TASK REQUIREMENTS:
Only the stretch below from the line holding "Calça Alfani Feminina" through the line holding "On the X-axis" should be restated, word for word and with both ends included; pictures stay out.

LISTED RECORDS:
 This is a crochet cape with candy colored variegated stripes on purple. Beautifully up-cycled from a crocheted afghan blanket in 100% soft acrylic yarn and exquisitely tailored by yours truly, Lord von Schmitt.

* * *

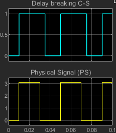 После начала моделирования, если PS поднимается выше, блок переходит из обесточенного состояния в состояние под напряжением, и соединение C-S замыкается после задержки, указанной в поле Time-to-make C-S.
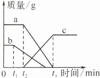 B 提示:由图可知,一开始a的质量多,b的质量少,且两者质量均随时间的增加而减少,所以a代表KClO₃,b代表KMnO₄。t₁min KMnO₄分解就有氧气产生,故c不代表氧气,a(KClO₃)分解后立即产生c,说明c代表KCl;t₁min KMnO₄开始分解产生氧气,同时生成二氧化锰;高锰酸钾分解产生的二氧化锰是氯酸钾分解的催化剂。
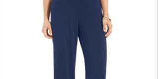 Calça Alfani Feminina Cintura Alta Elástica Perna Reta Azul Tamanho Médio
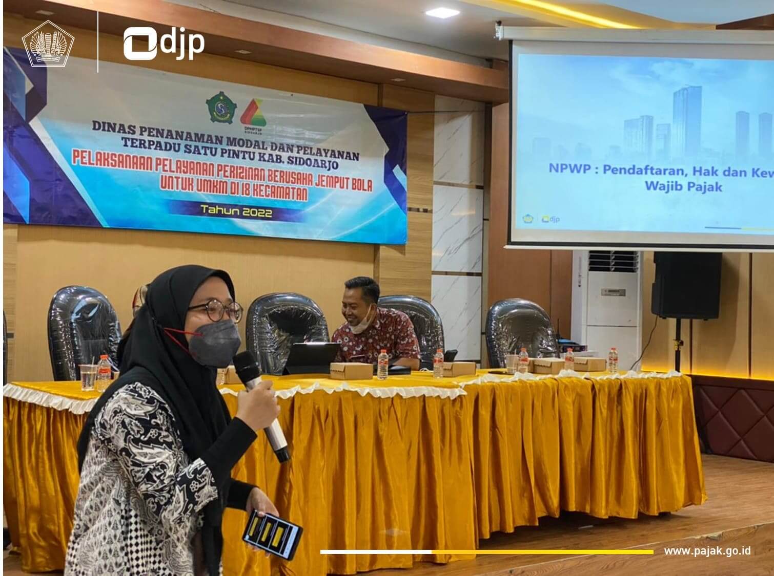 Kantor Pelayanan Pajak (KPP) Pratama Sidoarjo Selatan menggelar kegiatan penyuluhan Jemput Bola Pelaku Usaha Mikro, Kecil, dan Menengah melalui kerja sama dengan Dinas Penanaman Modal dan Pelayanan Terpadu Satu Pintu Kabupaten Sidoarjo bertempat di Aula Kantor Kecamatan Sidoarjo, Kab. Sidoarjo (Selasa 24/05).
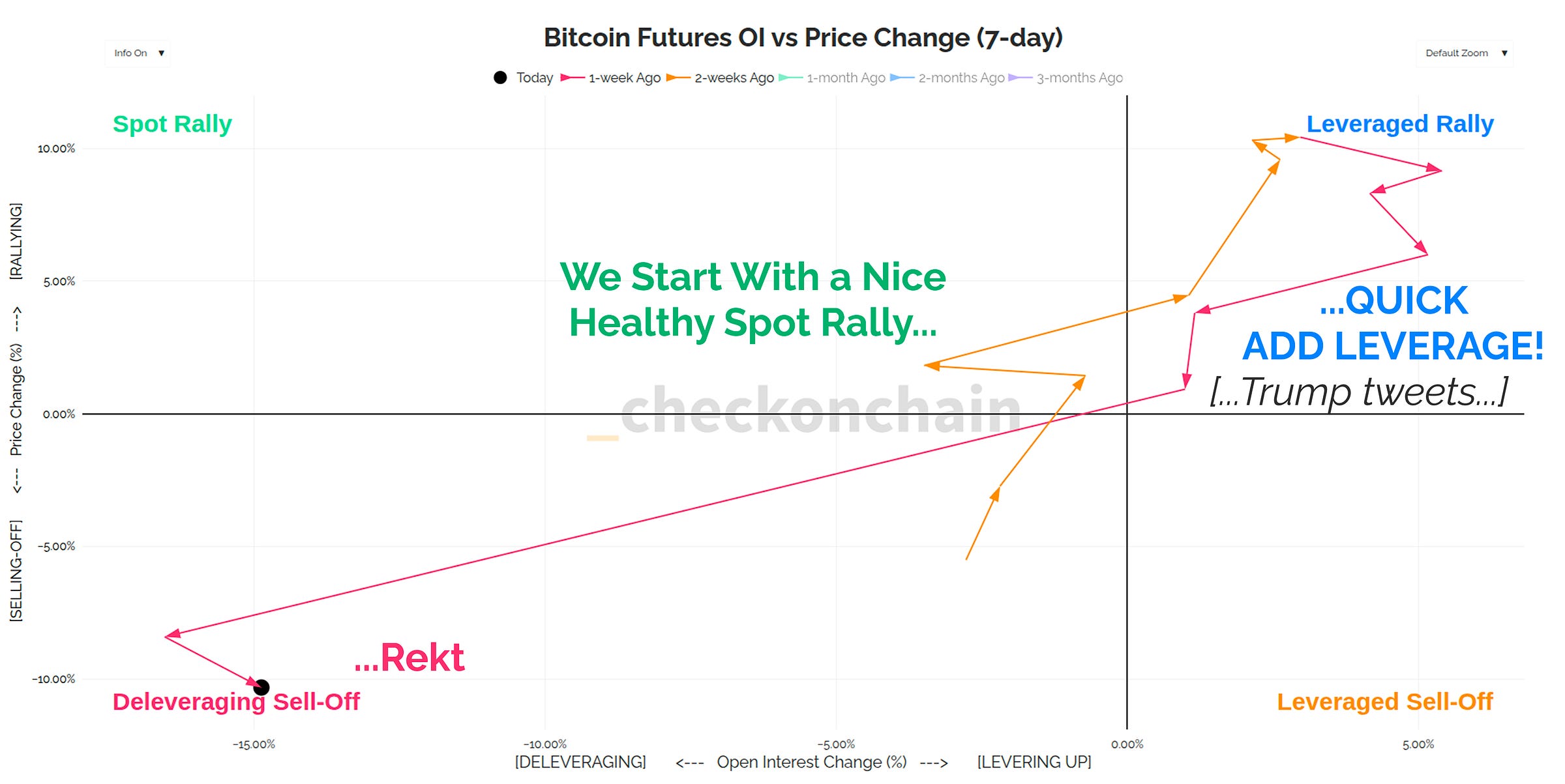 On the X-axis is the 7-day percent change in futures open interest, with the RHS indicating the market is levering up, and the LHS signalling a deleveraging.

ANSWER SECTION:
 Calça Alfani Feminina Cintura Alta Elástica Perna Reta Azul Tamanho Médio
 Kantor Pelayanan Pajak (KPP) Pratama Sidoarjo Selatan menggelar kegiatan penyuluhan Jemput Bola Pelaku Usaha Mikro, Kecil, dan Menengah melalui kerja sama dengan Dinas Penanaman Modal dan Pelayanan Terpadu Satu Pintu Kabupaten Sidoarjo bertempat di Aula Kantor Kecamatan Sidoarjo, Kab. Sidoarjo (Selasa 24/05).
 On the X-axis is the 7-day percent change in futures open interest, with the RHS indicating the market is levering up, and the LHS signalling a deleveraging.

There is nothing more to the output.